Ia abrindo a porta quando lembrou-se do terceiro conselho: “ Pense três vezes antes de tomar uma atitude”. Assim, olhou de novo pela fechadura e viu sua esposa beijando o rosto do rapaz. Desconcertou-se, não tinha jeito. Agora ia matá-los, tinha de defender sua honra, lavá-la com o sangue da mulher adúltera e do safado que a roubara dele. Mas ponderou e olhou novamente pela fechadura. Viu o rapaz levantando-se, estendendo a mão para Maria e dizendo:

- Sua benção, minha mãe! Vou indo dormir.

João, envergonhado, lembrou-se, então, do filho que deixara no ventre de Maria quando seguiu viagem. Com os olhos vermelhos de choro, abriu a porta e a alegria foi imensa! Seus filhos mais velhos receberam-no com muito amor, assim como sua sempre fiel esposa. Abraçou seu filho mais moço e pediu perdão por não ter acompanhado sua criação.

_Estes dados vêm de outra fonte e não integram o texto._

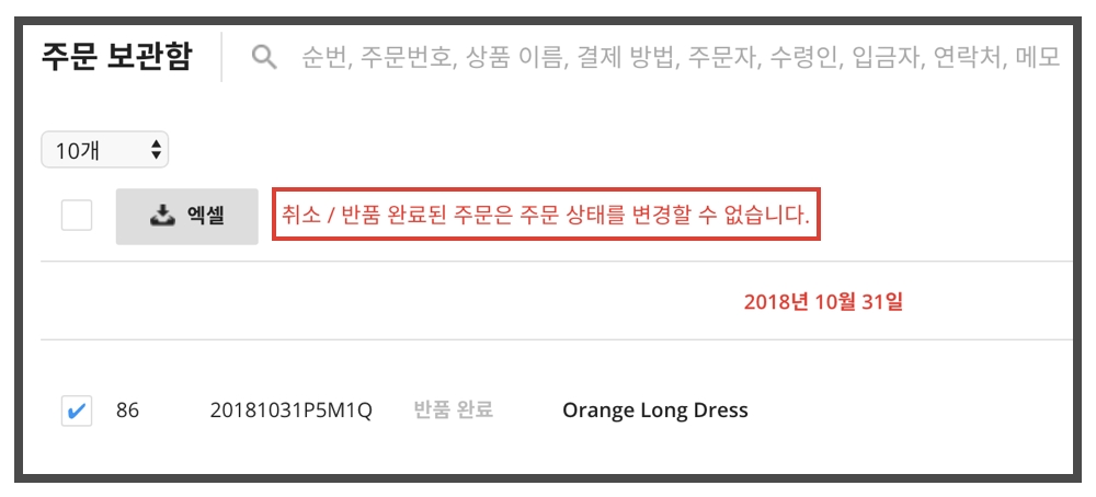 반품 부분 취소 기능이 추가되면서 반품/취소 완료된 주문을 다른 주문 상태로 변경할 때 발생하는 문제를 차단하기 위해 반품 완료, 취소 완료 처리된 주문은 다른 주문 상태로 변경하지 못하도록 수정하였습니다.

Passaram a noite contando histórias, conhecendo-se de novo, achegando-se uns aos outros novamente. Nesse momento, João lembrou-se do pão. Devia cortá-lo apenas quando estivesse muito feliz, então o partiu. Tamanha foi a surpresa quando viram que o bendito pão estava recheado não de queijo, ou torresmo, mas de dinheiro, mas muito dinheiro. Bem mais do que a quantia que receberia se tivesse feito o acerto com o patrão da maneira convencional. Mas o mais importante ali não era o dinheiro, mas a felicidade e a lealdade daquela família.